これらのことから、設定濃度の有効成分換算値に基づきまして72hErC50は17.5 μg/Lと算出いたしました。
 毒性については以上でございます。
 48ページに移りまして、水産動植物被害予測濃度(水産PEC)の算定についてでございます。
 1.の製剤の種類及び適用農作物等ですが、製剤は粒剤及び水和剤、適用農作物等は果樹、芝、樹木等ということでございます。
 2.の水産PECの算出ですが、適用農作物等から非水田において使用されるということで、非水田使用時の水産PECを算出いたしました。PECが最も大きくなる使用方法は表5に記載のとおりで、この使用方法やパラメータを用いまして非水田PECTier1を算出いたしました。その結果、0.0016 μg/Lと算出されました。
 49ページに移りまして、総合評価でございます。
 各生物種のLC50やEC50は記載のとおりでございます。これらに基づきまして、急性影響濃度を算出いたしました。

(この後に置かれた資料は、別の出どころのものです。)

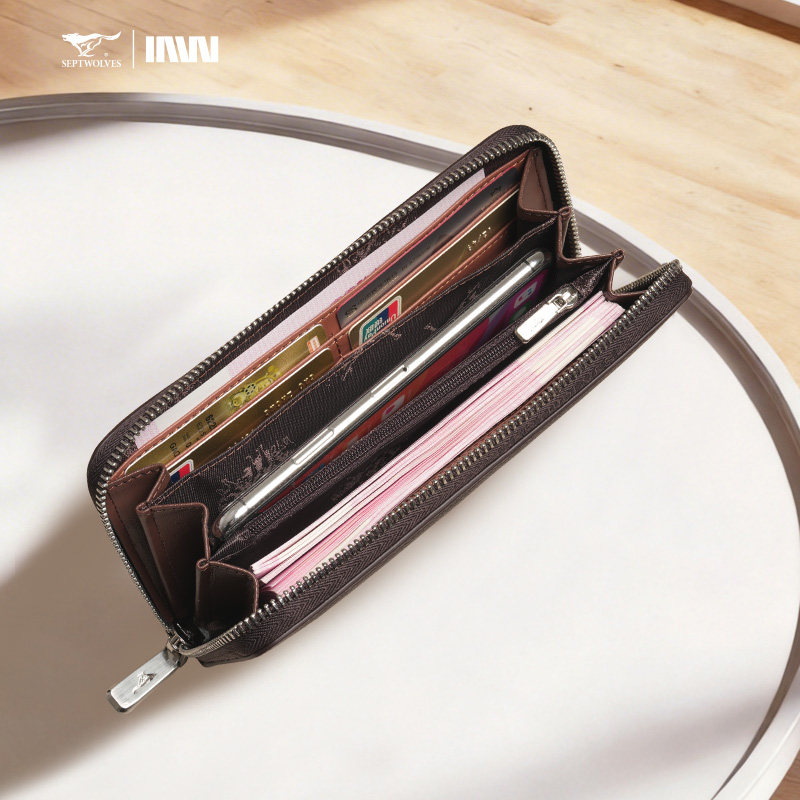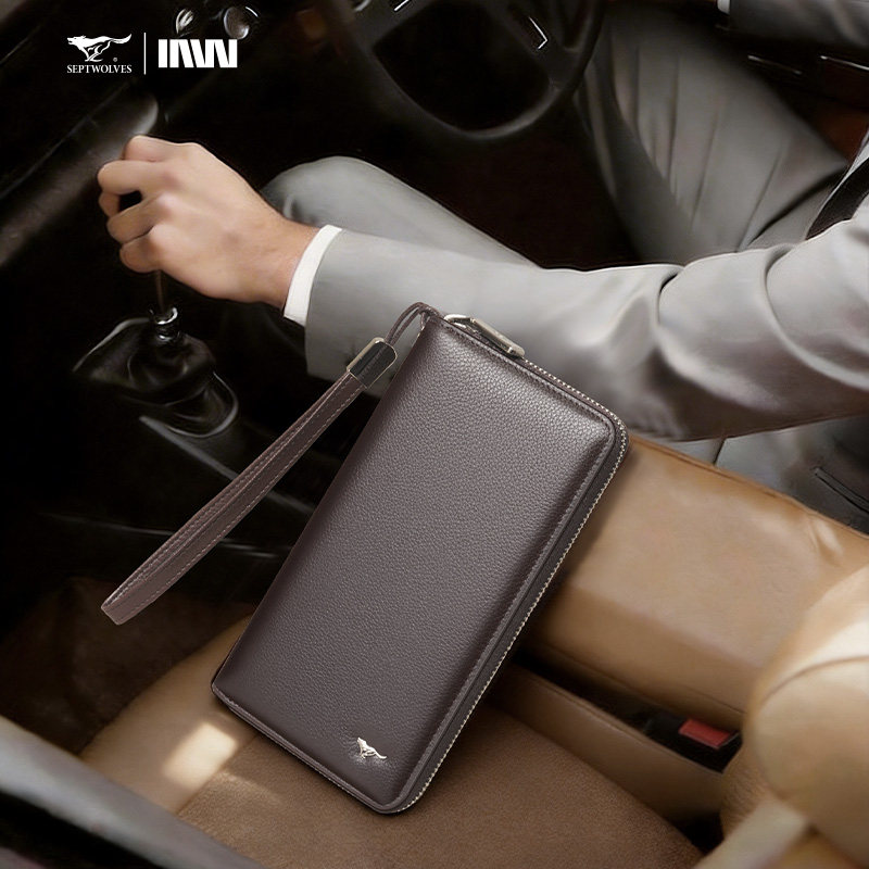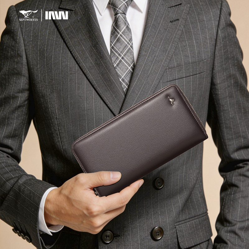 七匹狼钱包男长款拉链大容量软皮手拿包真皮皮夹包生日礼物送爸爸

まず、魚類についてはコイのLC5013,300 μg/L超を採用いたしまして、不確実係数10で除して1,330 μg/L、甲殻類についてはEC5019,300 μg/L超を採用し、不確実係数10で除して急性影響濃度は1,930 μg/L超、藻類につきましてはErC5017.5 μg/Lを採用いたしまして、急性影響濃度も17.5 μg/Lといたしました。これらの急性影響濃度のうち最小のものである藻類の急性影響濃度に基づきまして、登録保留基準値案は17 μg/Lと提案させていただきます。
 2.のリスク評価ですが、水産PEC0.0016 μg/Lであり、登録保留基準値案17 μg/Lを超えていないことを確認しております。
 こちらも本年6月16日の水産検討会でご検討していただいた剤でございます。こちらについては特段大きな何か議論になったところはございませんでしたので、説明は以上とさせていただきます。

【白石委員長】 ありがとうございました。
 では、ただいまのフラザスルフロンにつきまして、ご質問、基準値案についてのご意見等をお願いいたします。
 はい、お願いします。

【内田専門委員】 この化合物も構造から考えてpKaがあると思います。たしかpKa4.3ぐらいでしたかね。多分載っていると思うので、追加しといてもらったらありがたい。
 それともう一つ、作用機構のところ、3行目です。これ私の考え方ですが、「ALSの働きを強く阻害し」というのは、強いとか弱いかというのはわからないので、書くなら低濃度で、高濃度で、となりますね。だから「ALSを阻害し」でいいと思うので、そのように改めたらと思います。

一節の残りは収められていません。